__Task directions__
The lines from the one holding "Our 9x12 inch" to the final line of the listing below are to be duplicated exactly, with both ends included and pictures omitted.

(Beginning of Given data)

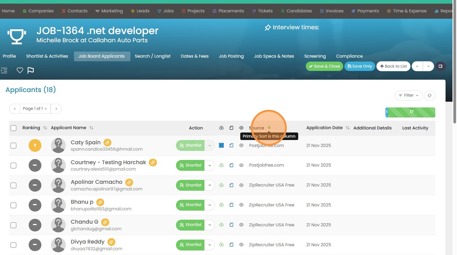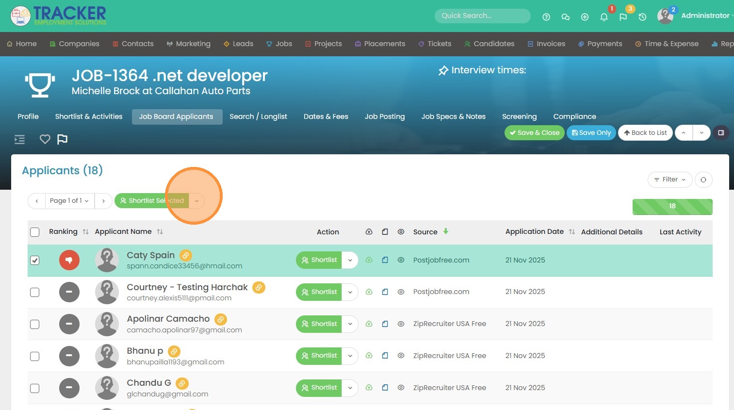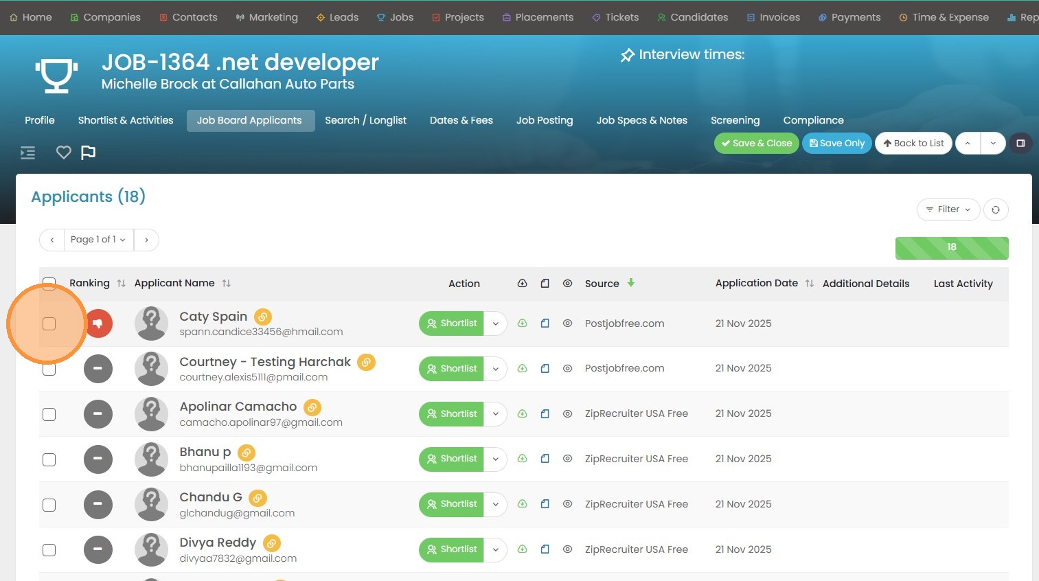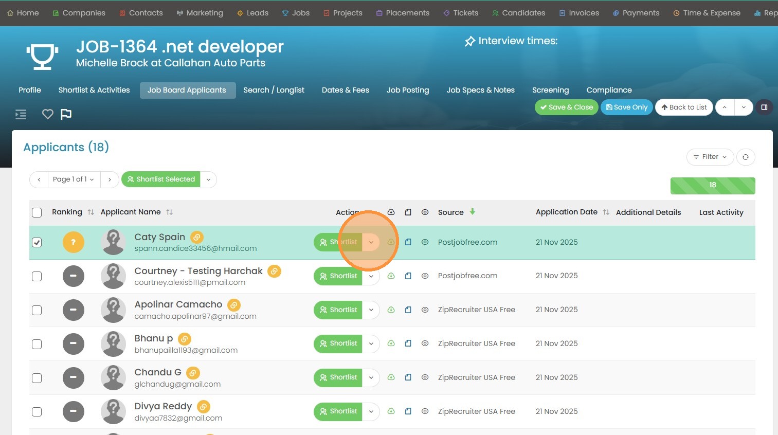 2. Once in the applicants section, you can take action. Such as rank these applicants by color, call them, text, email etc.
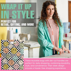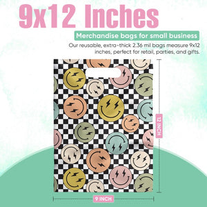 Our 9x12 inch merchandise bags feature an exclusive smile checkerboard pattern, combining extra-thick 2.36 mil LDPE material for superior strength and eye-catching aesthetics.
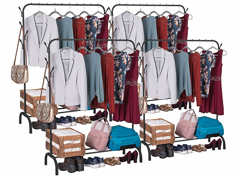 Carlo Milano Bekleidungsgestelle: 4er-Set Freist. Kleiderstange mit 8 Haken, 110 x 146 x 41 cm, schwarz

(End of Given data)

__Answer to the exercise__
 Our 9x12 inch merchandise bags feature an exclusive smile checkerboard pattern, combining extra-thick 2.36 mil LDPE material for superior strength and eye-catching aesthetics.
 Carlo Milano Bekleidungsgestelle: 4er-Set Freist. Kleiderstange mit 8 Haken, 110 x 146 x 41 cm, schwarz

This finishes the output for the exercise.